This article is more than 1 year old

Data sharing between universities and SUs has huge benefits for both

For George Bryant-Aird, a revolution in the way his SU uses local data started with a Wonkhe event.
This article is more than 1 year old

George Bryant-Aird is Faculty Regulation and Governance Officer at Edge Hill University

Way back last February – or five education secretaries ago – I was at Wonkhe’s Making Sense of Higher Education event in London.

Specifically, at 2pm, I was attentively scribbling notes during David Kernohan, Mark Corver, and Nora Colton’s Better than guessing: Using Data in Higher Education presentation.

One note, circled and decorated generously with a border of asterisks, shaped what we at Edge Hill Students’ Union would spend the next summer building.

The note read:

 HOW CAN THE SU USE LOCAL DATA?? 

I admit this is not particularly ground-breaking. But, for me, lightbulbs sprung eternal.

Firstly, what kind of visual insights could we build out of our current data monitoring practices? And perhaps more crucially, how could that be used to better collaborate and prove impact to our University stakeholders?

Local data for local people

As HE professionals, when we talk about student engagement with colleagues from different departments, it’s often like we are speaking the same language but in different dialects.

An SU might mean interaction with students through its society communities, or its voluntary and representative functions, whereas careers teams might measure workshop attendance and visitors to online portals. These subcategories of engagement continue ad infinitum, driven by departmental strategies, regulatory requirements, and responses to external factors out of everybody’s control, like the odd global pandemic here and there.

But disparate engagement strategies do all have (or should have) one thing in common: a wealth of recorded metrics. In my experience, it is not necessarily monitoring and recording that is the issue, but what we do with that information next.

As a manager within the Students’ Union, I’m looking at insights from things like the Wonkhe/Pearson report on Belonging and thinking fostering community and inclusion through larger and more autonomous societies is a strategy that is going to have the most impact. However, the university’s access and participation co-ordinator may look at the same research and conclude more focus groups and panels are the top priority.

And never (or rarely) shall the two strategies (or subsequent insights) meet…

(Data) sharing is caring 

At Edge Hill Students’ Union, we have spent the last three years, constructing and refining our data-sharing agreement with Edge Hill University, working closely with compliance and IT teams.

We now view this document as one of the key pillars of our engagement strategy.

As a student voice team, we then spent summer 2022 building a comprehensive data monitoring strategy, mapping where we collect data, the frequency we update our central database, and what metrics were most important across our services.

The result is a suite of data visualisations which, though in their early stages of development, give us a live view of how we are engaging across the university, split by faculty, department, programme level, and other key characteristics.

What this has allowed us to do in a short space of time in terms of collaboration and building partnerships with key University departments has been nothing short of transformative.

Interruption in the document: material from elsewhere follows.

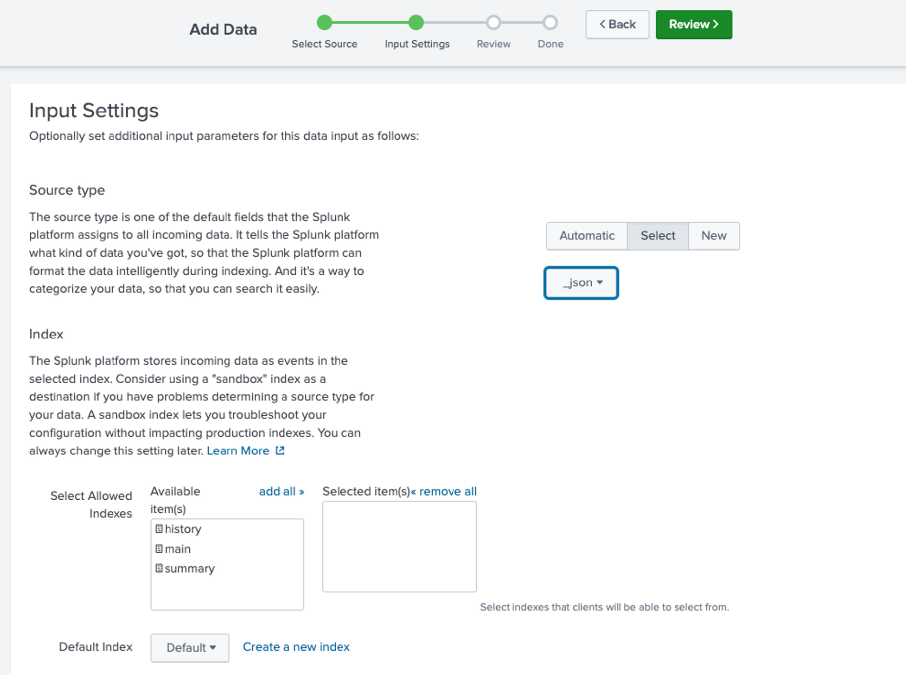 Under Settings > Data Input, select + Add New HTTP Event Collector

Over Summer, for example, we used our society participation data, split by faculty, to feed into the university’s B Conditions and Student Outcomes Steering Group. The collaboration with the university led to further integration of society opportunities into the Careers Team’s new Pebblepad trial and the new university personal tutor system.

In the union’s society affiliation processes, we have now started targeting key academic departments where society numbers are low and have started further work to map the university’s new Graduate Attributes Framework to each new society, highlighting what skills and attributes students could build by joining certain groups.

All dashboards now feature prominently in our Board of Governors reports, and our President Team, recently split in remit by faculty, now uses faculty-specific data in their interaction with course representatives and when reporting to faculty boards.

The subsequent collaboration and willingness to share resources by our university have allowed us to align our strategies better on key issues with students. We maintain our independence and ability to act as a critical friend, but we can now do so using the same language and using insights that we know will make a real positive impact on our student members.

The TEF bit

Which brings me back to my original question; that rough, barely legible scrawl on the page of an old notebook, now firmly blue-tacked to my desk in the SU office.

How do we use local data?

On one side, university central support and data teams hold a wealth of important, often sensitive, student data. On the other, unions and academic departments have their own equally important datasets on student engagement, queries, concerns, and financial pressures.

If opportunities like the TEF student submission don’t serve as a springboard into structuring proper, regular cross-departmental and cross-organisational conversations about how software like Tableau and Power BI can be used to draw connections and measure the significance between disparate datasets, then what is the point of anyone working within an insight capacity in HE?

Compliance and data-sharing agreements need to protect students’ data, first and foremost. But they should also enable the genuinely innovative, creative, and often devolved data collection and insight-gathering practices of unions, departments, and different cohorts to collaborate and share to better understand the needs and behaviours of students.

The inverse of this – not sharing and shutting the door on each other – results in duplication and wasted resources (both time and money). In a time of sector-wide uncertainty and changing regulation, this will only serve to make all parties less effective as a whole and presents itself as a huge missed open goal.